## Prompt
Please set down the data word for word; images do not go in the copy.

## Data section
Segment Open

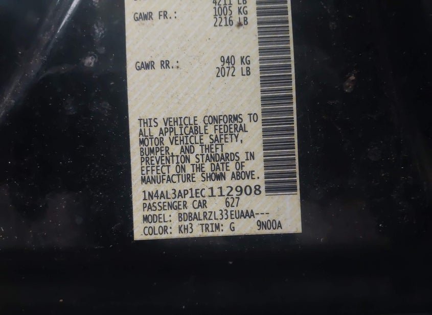 - VIN: 1N4AL3AP1EC112908
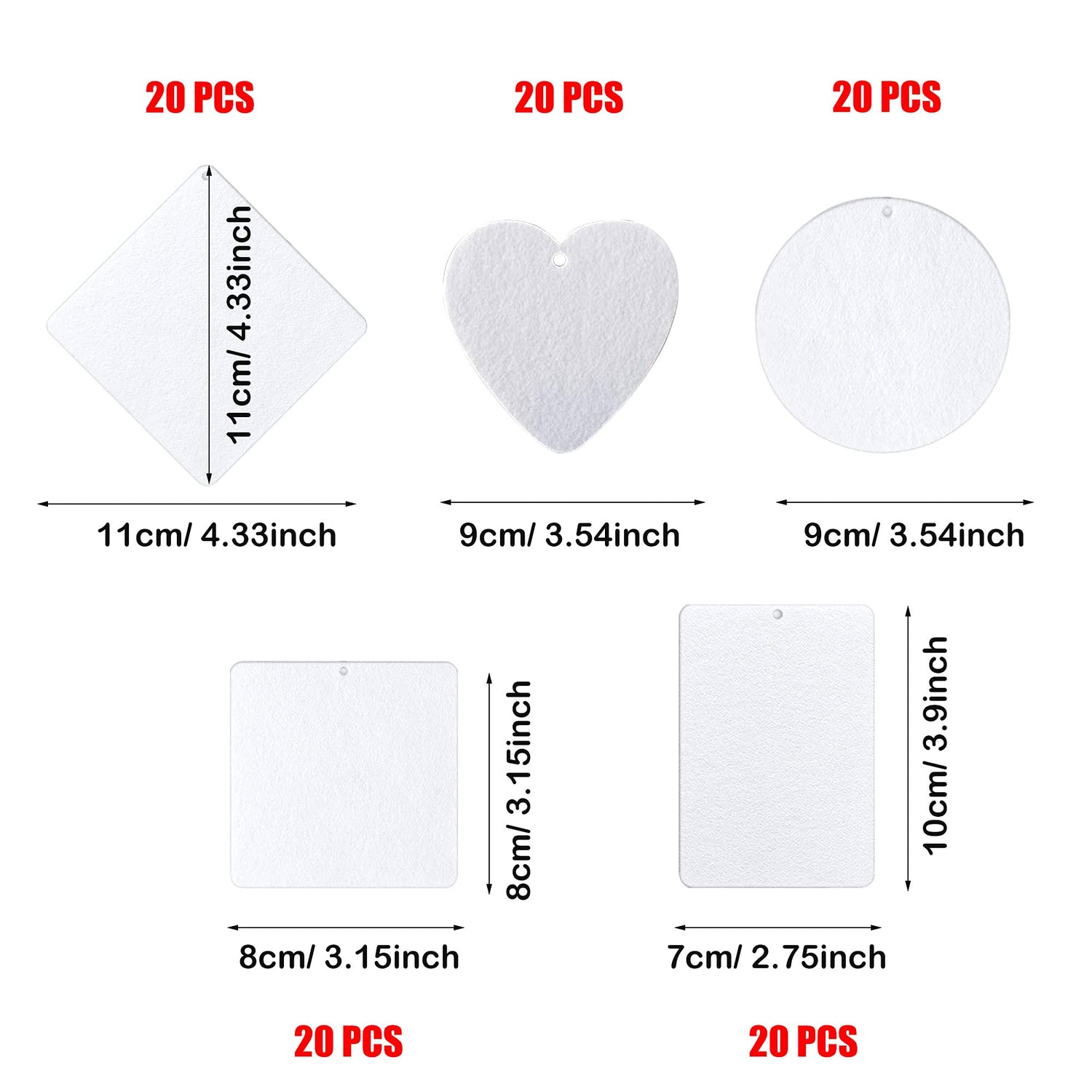 - Rich air freshener blank kits: includes 100 x air freshener blank with elastic rope (20 x rectangle, 20 x square, 20 x round, 20 x heart-shaped, 20 x diamond), 20 x wave bead chain, 10 x keychain, 10 x key hanging buckle, 20 x tassel.
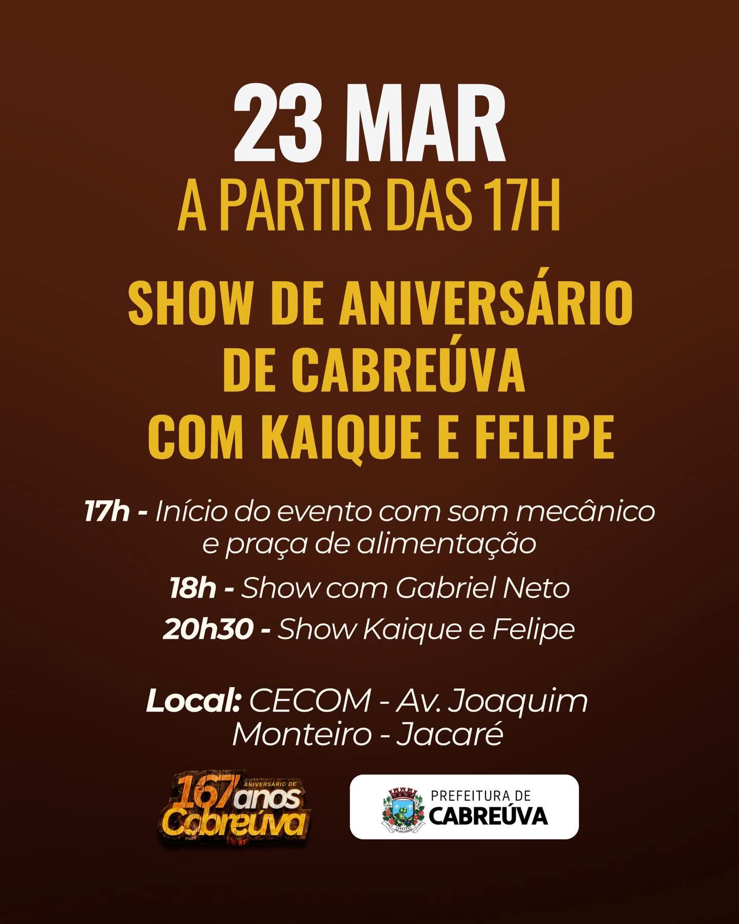 No dia 23 de março, a partir das 17h, o público poderá acompanhar o Show de Aniversário, no CECOM, com apresentações musicais, praça de alimentação e atrações para todas as idades. A noite contará com show de Gabriel Neto e apresentação principal da dupla Kaique e Felipe.

Segment Closed

## Response to the exercise
 - VIN: 1N4AL3AP1EC112908
 - Rich air freshener blank kits: includes 100 x air freshener blank with elastic rope (20 x rectangle, 20 x square, 20 x round, 20 x heart-shaped, 20 x diamond), 20 x wave bead chain, 10 x keychain, 10 x key hanging buckle, 20 x tassel.
 No dia 23 de março, a partir das 17h, o público poderá acompanhar o Show de Aniversário, no CECOM, com apresentações musicais, praça de alimentação e atrações para todas as idades. A noite contará com show de Gabriel Neto e apresentação principal da dupla Kaique e Felipe.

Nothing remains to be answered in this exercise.